▸ **Assignment**
Copy the data exactly as it appears, and do not include any pictures.

▸ **Material provided**
################

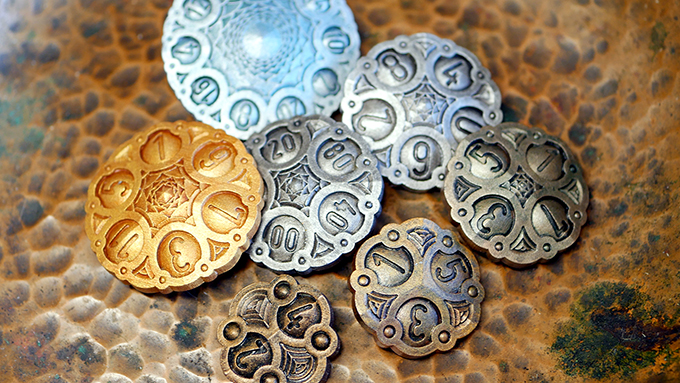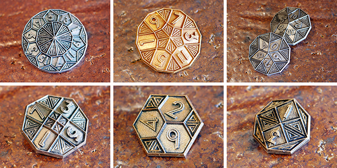 The dice set will replicate the variety of metals used in the currency of fantasy role playing games: copper, electrum, steel, silver, gold, and platinum. The designs are meant to evoke the aesthetic of a fantasy forest kingdom. Each coin will be cast in zinc alloy with a two-part mold, plated with an appropriate color, and aged with an antique finish. The basic physical pledge level ($40) includes the seven metal Forest Kingdom Coin dice and free shipping in the United States.
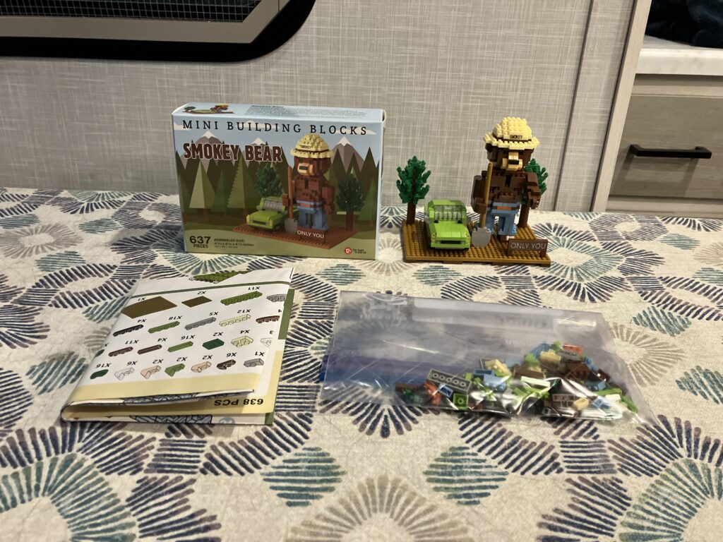 The building block kit is a knock off brand that is manufactured in China. John said the instructions are not as good as what you would find in a Lego Kit. Either way it was fun to put together. Most likely, we will continue to buy kits of animals found in the National Parks.
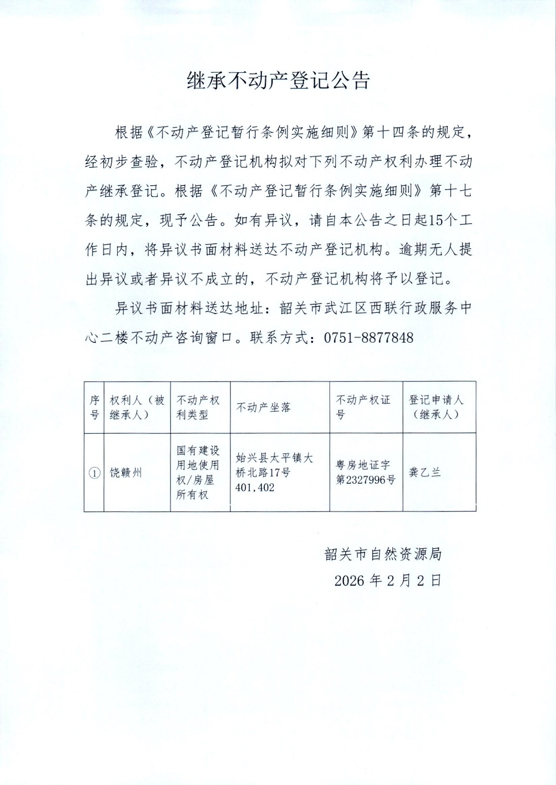 继承不动产登记公告

################

▸ **Solution to the exercise**
 The dice set will replicate the variety of metals used in the currency of fantasy role playing games: copper, electrum, steel, silver, gold, and platinum. The designs are meant to evoke the aesthetic of a fantasy forest kingdom. Each coin will be cast in zinc alloy with a two-part mold, plated with an appropriate color, and aged with an antique finish. The basic physical pledge level ($40) includes the seven metal Forest Kingdom Coin dice and free shipping in the United States.
 The building block kit is a knock off brand that is manufactured in China. John said the instructions are not as good as what you would find in a Lego Kit. Either way it was fun to put together. Most likely, we will continue to buy kits of animals found in the National Parks.
 继承不动产登记公告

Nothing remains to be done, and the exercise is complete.